The results surprised us all. The torque and power graphs produced for all three fuels as the car accelerated from low through to high engine revs were virtually identical. Maximum torque was the same for the three fuels, and horsepower was almost equal throughout the acceleration range, except at very maximum revs where Optimax and Ultimate managed just one extra bhp.

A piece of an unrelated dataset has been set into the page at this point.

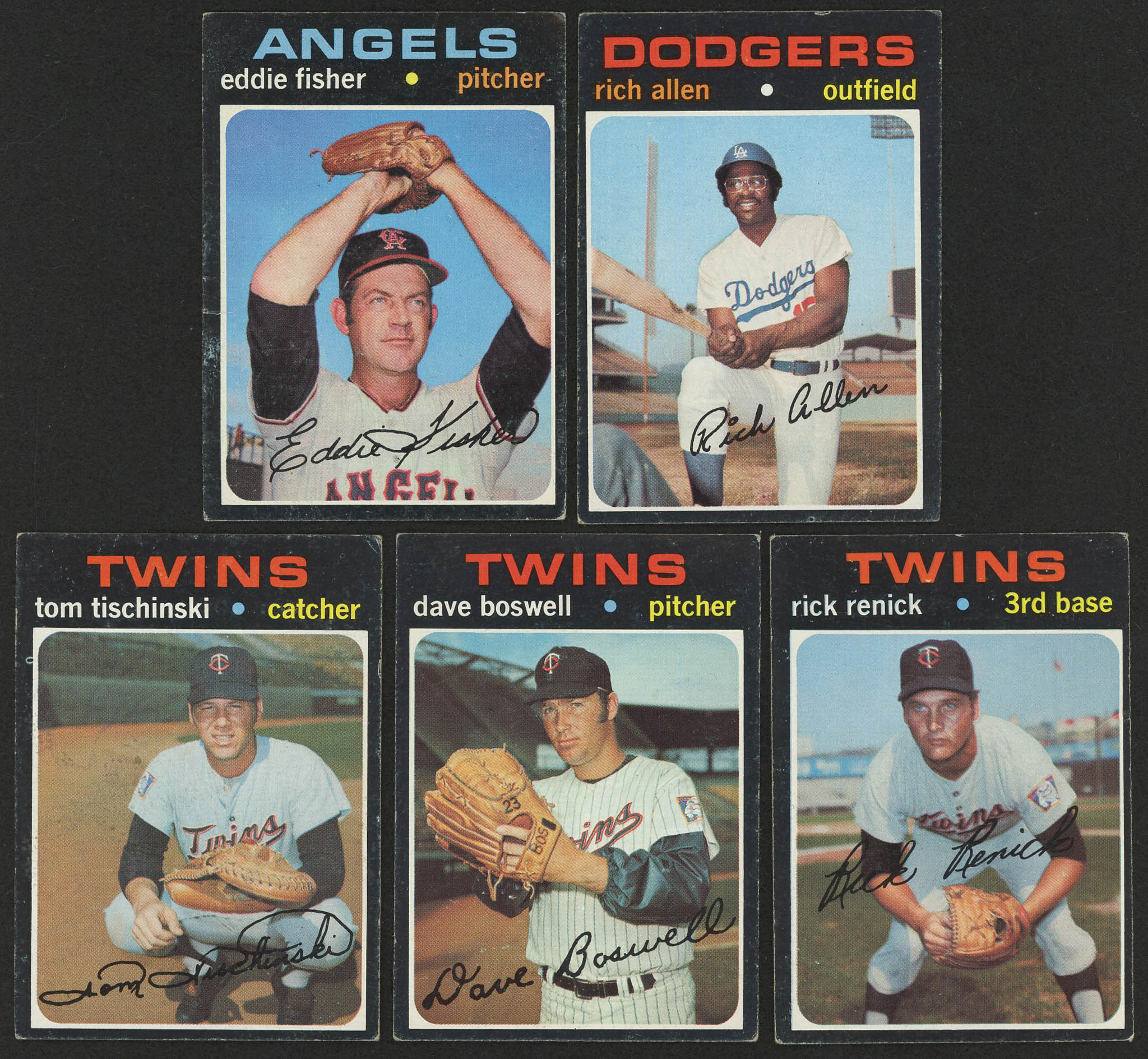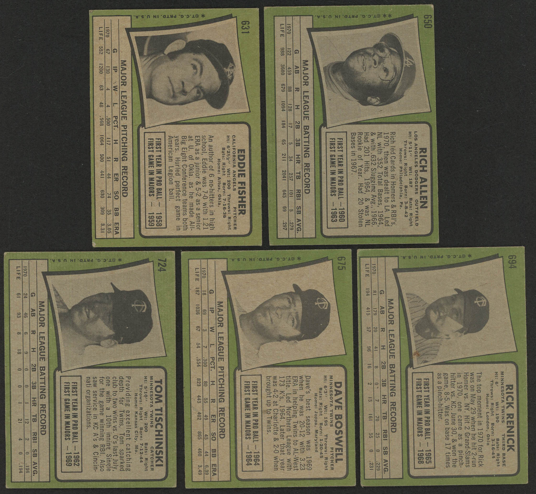 Lot of (5) 1971 Topps Baseball Cards with (1) #650 Rich Allen, (1) #631 Eddie Fisher, (1) #694 Rick Renick, (1) #675 Dave Boswell, (1) #724 Tom Tischinski

But even this 1bhp is not significant because at other points in the rev range the standard unleaded petrol gave marginally more horsepower anyway.
“Looking at them cold, any automotive engineer would simply assume they were three runs using the same fuel in the same engine, with no alterations to anything,” said Ian Sandford, the managing director of Superchips. “There’s certainly nothing here to suggest that using either super fuel would give a noticeable difference in performance.”

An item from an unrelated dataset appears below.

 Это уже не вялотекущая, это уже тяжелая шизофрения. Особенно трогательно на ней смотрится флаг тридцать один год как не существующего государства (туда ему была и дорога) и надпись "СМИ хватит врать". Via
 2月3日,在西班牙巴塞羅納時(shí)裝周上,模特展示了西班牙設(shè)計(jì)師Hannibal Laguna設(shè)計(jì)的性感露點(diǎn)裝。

The basic reasoning as to why the super fuels boost performance is that they have a higher octane rating (they are more explosive). Normal unleaded is 95RON (research octane number), while Optimax is 98RON and Ultimate is 97RON. But why didn’t the fuel with increased RON rating have the expected effect?
Sandford says modern engine management computers can automatically adjust the ignition timing — to ensure the spark plug ignites the fuel at the optimum moment — if a fuel with a lower-than-normal octane rating is used. However, if better-quality fuel is used, the computer will not normally automatically alter the timing to give more power.
We may have only been testing one car over one gallon of fuel, but the results certainly suggest the implication that all cars will be immediately improved is wildly overblown.
Shell has already run into trouble with this. In February this year the Advertising Standards Authority upheld complaints against the claims Shell was making in its adverts, including that Optimax gives “an extra burst of power just when you need it”.
To be fair to the oil giants, they make another key claim about Ultimate and Optimax — that they help keep your engine clean and reduce emissions as well as boosting performance. Detergents within the fuels, they say, significantly reduce deposits on inlet valves and in carburettors. Our test was to see if there was an instant boost — we couldn’t test the fuels’ long-term cleaning power. But after thousands of miles a clean engine with fewer deposits may well perform better. “We wouldn’t expect to see a benefit over just one gallon of fuel,” said a Ford spokesman, “but using these fuels regularly is going to give you benefits.”
Both Shell and BP said they stood by their claims and had carried out extensive tests to back them up. A spokesman for Shell said tests on 37 cars on the British market found most showed benefits in acceleration and power, and one in eight customers was now buying Optimax. BP said that despite producing leaflets saying Ultimate “starts working from the first tank” they had never intented to suggest the fuel gave an immediate boost from first use. In a statement BP added: “The magnitude of the benefits vary from vehicle to vehicle and full performance benefits increase with distance driven. Because of this, short-term tests will not accurately demonstrate the full benefits of the fuels. However, the test data did also show some immediate benefits on most vehicles.”
Over the long term then, these super fuels may have benefits, but as our test shows you shouldn’t expect a fill-up with the pricier fuel to turn your Fiat into a Ferrari, or to respond as Popeye would after a good dose of spinach.